# Simultaineous hand and foot techniques in kata...



## Makalakumu (Mar 23, 2008)

In many karate kata, people perform simultaineous hand and foot techniques.  Several of the pinan katas, chinto, rohai, etc show a kick and some variation of a hand technique coming out at the same time.  Many also retract the other hand to the waist.  

What are the bunkai for this move?  Please pick a kata of your choice, describe the move, and describe the bunkai.


----------



## JWLuiza (Mar 23, 2008)

upnorthkyosa said:


> In many karate kata, people perform simultaineous hand and foot techniques. Several of the pinan katas, chinto, rohai, etc show a kick and some variation of a hand technique coming out at the same time. Many also retract the other hand to the waist.
> 
> What are the bunkai for this move? Please pick a kata of your choice, describe the move, and describe the bunkai.


 
I know many of the Sidekick/Backfist techniques used to be front snap kicks.  So, much like illustrated by Iain Abernethy's interpretations, I tend to view the sequences in Pinan 2 and 4 as a Knee Collapse, with the hikite hand pulling back on an arm, the backfist hitting the head of the opponent after the knee collapse.


----------



## Makalakumu (Mar 23, 2008)

That is one way I've seen the techniques also.  Another interpretation is that you are grappling with an opponent and disengaging in order to throw a kick, yet you are maintaining contact with the grab for a follow up technique.  There is a sequence in pinan yondan that shows exactly this.


----------



## Jin Gang (Mar 23, 2008)

I think this is the one you're talking about

Kusanku (also in pinan yondan): beginning from a natural stance with one arm in chamber and the other across the body with fist stacked on top of the chamber, perform a straight forearm/hammer fist strike at the same time a front snap kick, followed by a shuffle forward and elbow strike with the chambered arm.  
  The beginning position can represent an arm grab, yanking the wrist and pressing their elbow with yours, or at least opening their guard up with a pull.  Then forearm towards the neck or fist to the face, the purpose not so much to do a lot of damage but to at least to distract them from the kick, which takes the knee or thigh to collapse their stance, or groin/abdomen to double them over at least, followed by grabbing the back of the head and shooting in with the elbow smash.

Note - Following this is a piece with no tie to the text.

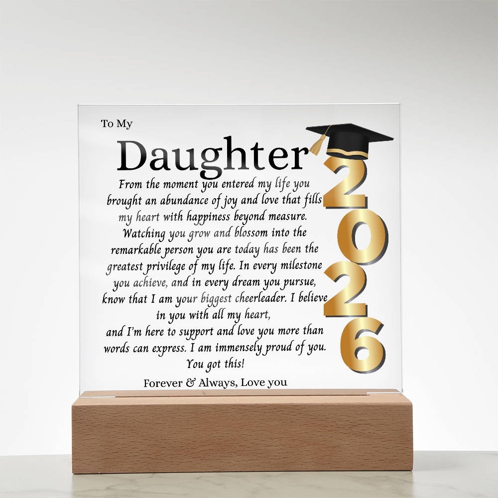 Daughter Graduation Gift- "So Proud Of You" Keepsake with Nightlight LED option Acrylic Plaque Graduation Gift for Daughter Promotion Gift from Mom gift from Dad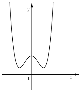 Vẽ dạng đồ thị hàm số bậc bốn trùng phương có $a > 0,b < 0$ và tìm điều kiện để đồ thị hàm số có $4$ điểm chung với trục hoành.

There is a similar forearm strike/kick in chinto, instead followed by a takedown/dropping to one knee.  In this case, the target of the kick is even more important, you're definately taking the knee/inside of the leg to collapse them.

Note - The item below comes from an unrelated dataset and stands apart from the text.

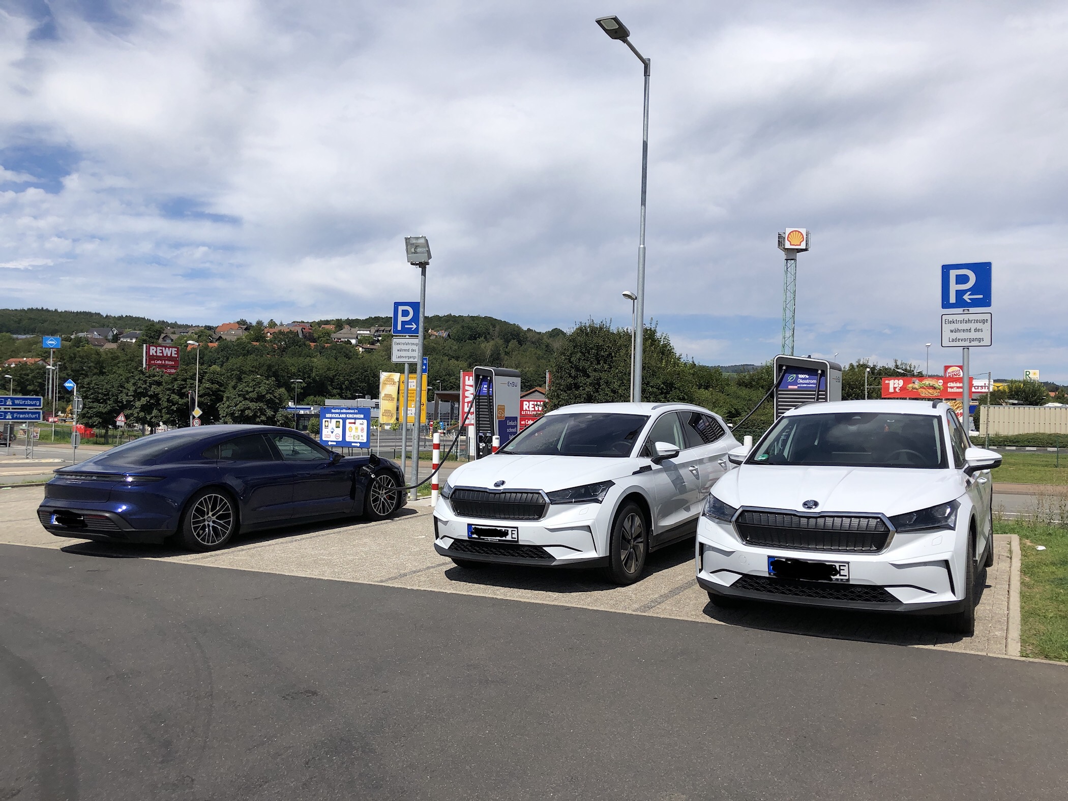 Da schaut man über 800km vergeblich nach einem Artgenossen und dann an der Ladestation, wo sonst ?

A slightly different one is also in Kusanku (as well as pinan shodan), the "chest block" and same side front snap kick.  I use ot pretty much the same way, as a distraction to deliver the kick and get in close for a throw (it is followed in kusanku and pinan by a 180 turn and shuto uke in nekoashidachi, which could worked into a hip bump).  Of course, it could also be simultaneous attack and defense, deflecting a punch and kicking.  That's the "simple" explanation.

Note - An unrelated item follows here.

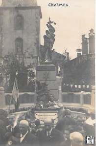 Nous inaugurons en ce jour le monument que la piété patriotique des habitants et de ses édiles a élevé aux enfants de Charmes morts pour la France , Gloire à eux ! Gloire à nos poilus qui ont remporté une victoire incomparable dont les résultats égalent les hauts sommets de l’histoire du monde.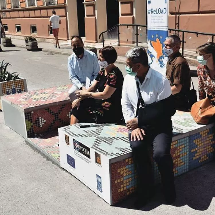 SARAJEVO, (Patria) - U Gimnazijskoj ulici je svečano postavljena ČEPOklupa, umjetnička instalacija, koja je ujedno i mobilijar, ukrašena mozaikom od pvc čepova, sa šarom bosanskog ćilima.

I find these also in the two praying mantis forms I know, with an inside snap kick and finger strike to towards the eyes simultaneously.  Try it in sparring, it works all the time *lol*.  You'll almost always get that kick in when they are distracted by the strike toward the face
The overall concept is masking your true attack with a feint.  Sometimes you mix up the timing, maybe shooting the hand out just a little before you start the kick, or vice versa, depending on which one you want to land and how you're going to follow up.  Of course, it's a bonus if both attacks land, if you've got them in a position where they can't defend at all.


----------



## Jin Gang (Mar 29, 2008)

No one else wants to describe any bunkai?  There must be a few more people can talk about.  Are they "closed door" secrets?  Or maybe just locked in that closet that no one has a key for? *lol*


----------



## Errant108 (Mar 29, 2008)

How about combining this thread with the same topic in the TKD forum "Kicking with a punch"...


----------



## Makalakumu (Mar 29, 2008)

Errant108 said:


> How about combining this thread with the same topic in the TKD forum "Kicking with a punch"...


 
My plan was to get a number of posts here showing real application and then post the link there.  I got sick or reading posts that said the hand was doing nothing.

One of my favorite kata where this particular kind of technique is found is chinto.  In one sequence, the grasping hand has gotten a grasp on the opponents arm or sleeve.  The hand technique is striking and driving the person down.  I see the crescent kick as sweeping over the arm and setting up and armbar.  Kind of like this...

http://video.google.com/videoplay?d...=33&start=0&num=10&so=0&type=search&plindex=1


----------



## DavidCC (Mar 31, 2008)

I had a couple of hours with an Isshin Ryu teacher this last weekend, and at one point he did a technique out of Naihanchi where the heel of one foot is brought up and hooks/kicks down towards your other knee while the hands do something that looks like a block.  Sorry, I don't know that form and he only showed it twice.  

But the point is, he had tied up the hands of the attacker with a joint immobilization, and the heel kick is delivered to the back of their knee, taking them down to the ground, hyperextending the elbow or dislocating the shoulder (he showed one time of each application).


----------